The staunch opposition comes even as local Republican officials endorse the new spending, saying it’s much needed for a range of priorities both big and small. Democrats are betting that even skeptical voters will side with them, particularly as they start to see construction rev up.

Dan Gottlieb of the state Democratic Party said the Republicans are lining up against “millions of good-paying jobs” that will help Georgians compete in the global economy.

“While Senator Reverend Warnock helps deliver this huge win for Georgia, every GOP candidate vying to challenge him is opposing the bipartisan plan to rebuild our infrastructure, invest in a generation of Georgia jobs and help American companies compete against China,” he said.

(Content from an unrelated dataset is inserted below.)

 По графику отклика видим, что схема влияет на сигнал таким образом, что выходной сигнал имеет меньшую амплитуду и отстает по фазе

More from the Republican contenders:

Agriculture Secretary Gary Black:

“Our fiscal house is on fire, and I think it’s been set in all corners of the house. We’ve mortgaged our kids’ futures, and the futures of their grandchildren. And yet we don’t even know what we’ve spent the money on.”

Construction executive Kelvin King:

“As a conservative and a businessman, I have major concerns with the infrastructure bill and honestly the reconciliation package is simply absurd. Any time Bernie Sanders is getting his way we know the federal government has gone off the rails. Our elected officials have to stop talking about trillions like we used to talk about millions. We are spending away our children’s future with no plan to pay for it. I’m running to preserve the American dream for future generations and this just proves that one Senate seat can be the difference. It’s up to Georgia. This election, we have to win for America.”

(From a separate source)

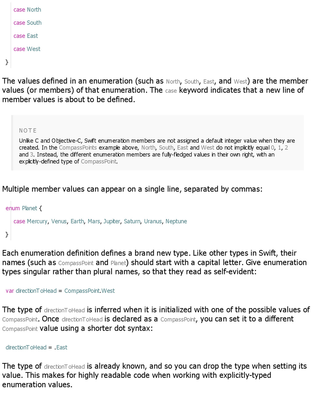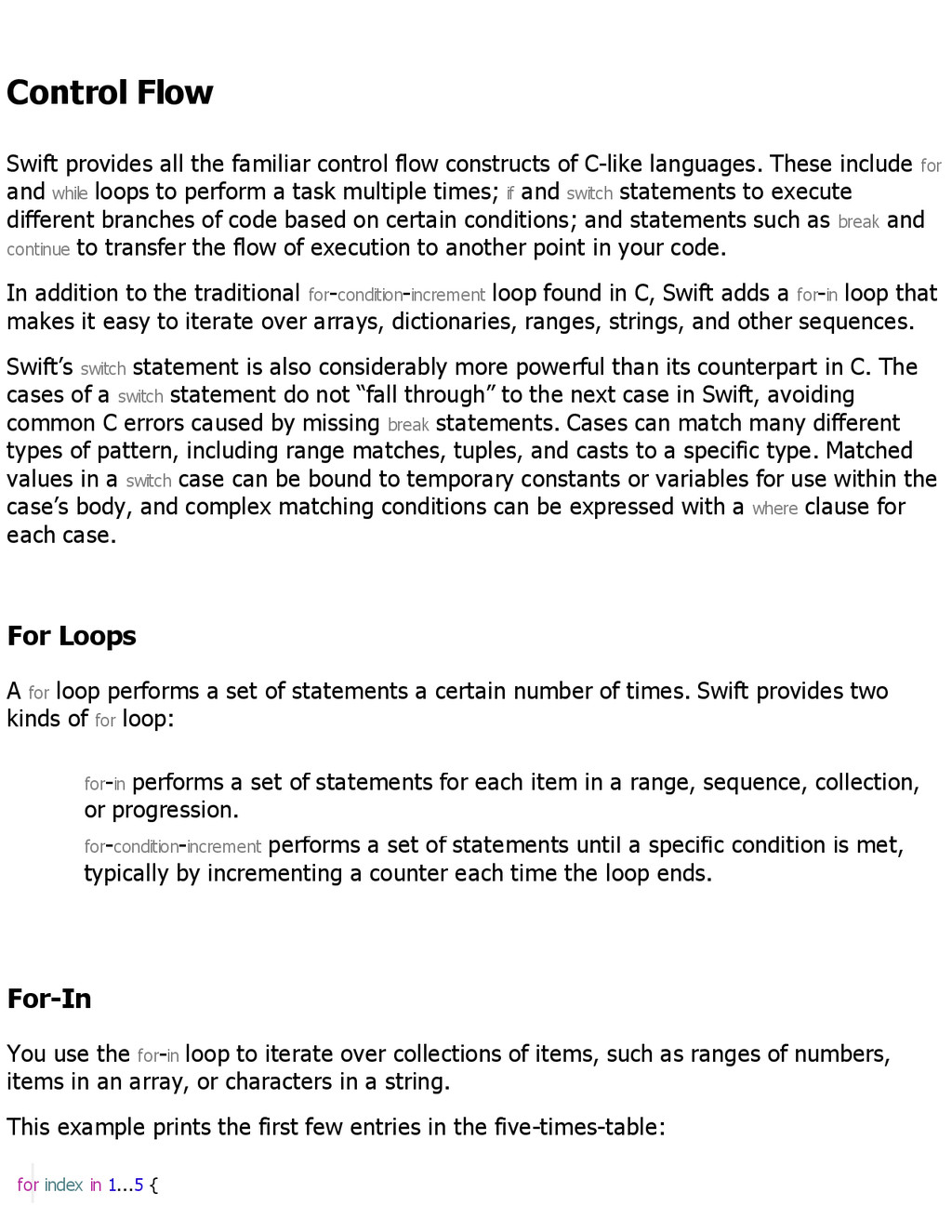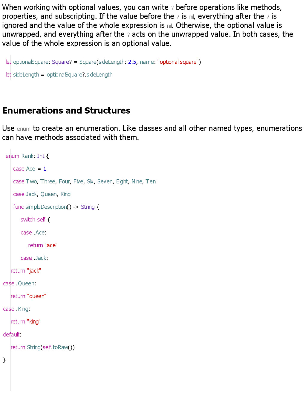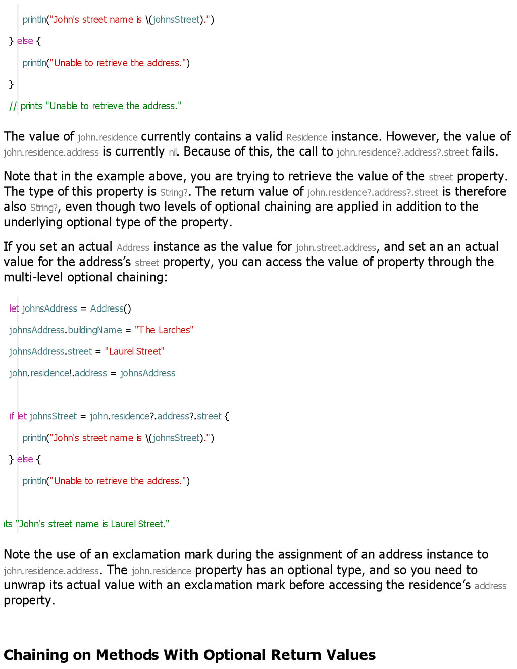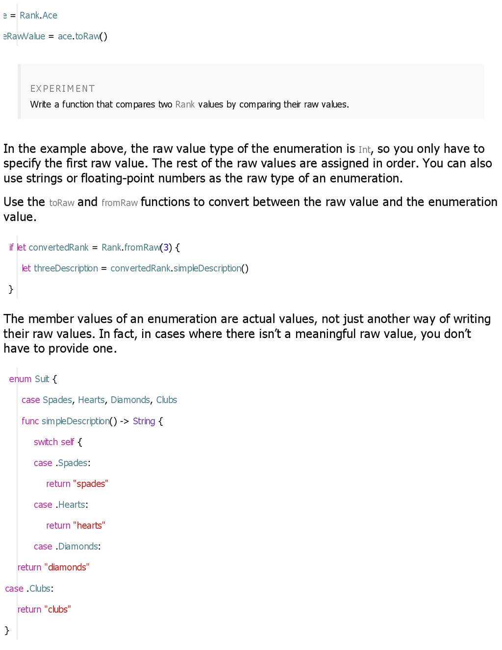 it will return a value must always do so. A function with a defined return type cannot allow control to fall out of the bottom of the function without returning a value, and attempting to do so will result in a compile-time error. Functions with Multiple Return Values You can use a tuple type as the return type for a function to return multiple values as part of one compound return value. The example below defines a function called count, which counts the number of vowels, consonants, and other characters in a string, based on the standard set of vowels and consonants used in American English: func count(string: String) -> (vowels: Int, consonants: Int, others: Int) { var vowels = 0, consonants = 0, others = 0 for character in string { switch String(character).lowercaseString { case "a", "e", "i", "o", "u": ++vowels case "b", "c", "d", "f", "g", "h", "j", "k", "l", "m", "n", "p", "q", "r", "s", "t", "v", "w", "x", "y", "z": ++consonants default: ++others } eturn (vowels, consonants, others) You can use this count function to count the characters in an arbitrary string, and to retrieve the counted totals as a tuple of three named Int values: let total = count("some arbitrary string!") println("\(total.vowels) vowels and \(total.consonants) consonants")

Former Navy SEAL Latham Saddler:

“I support investments in our nation’s infrastructure, but I would vote “no” on this version of the infrastructure bill if I were the Senator representing Georgia. I can’t support something that will dramatically increase our national debt.

“This $3.5 trillion proposed budget only adds to our out-of-control, mounting debt which jeopardizes the dollar as the universal currency and threatens our children’s futures. This runaway liberal spending we are seeing out of Washington only helps adversaries like Communist China - who wants nothing more than to replace the dollar as the universal currency as they work to supplant us economically.”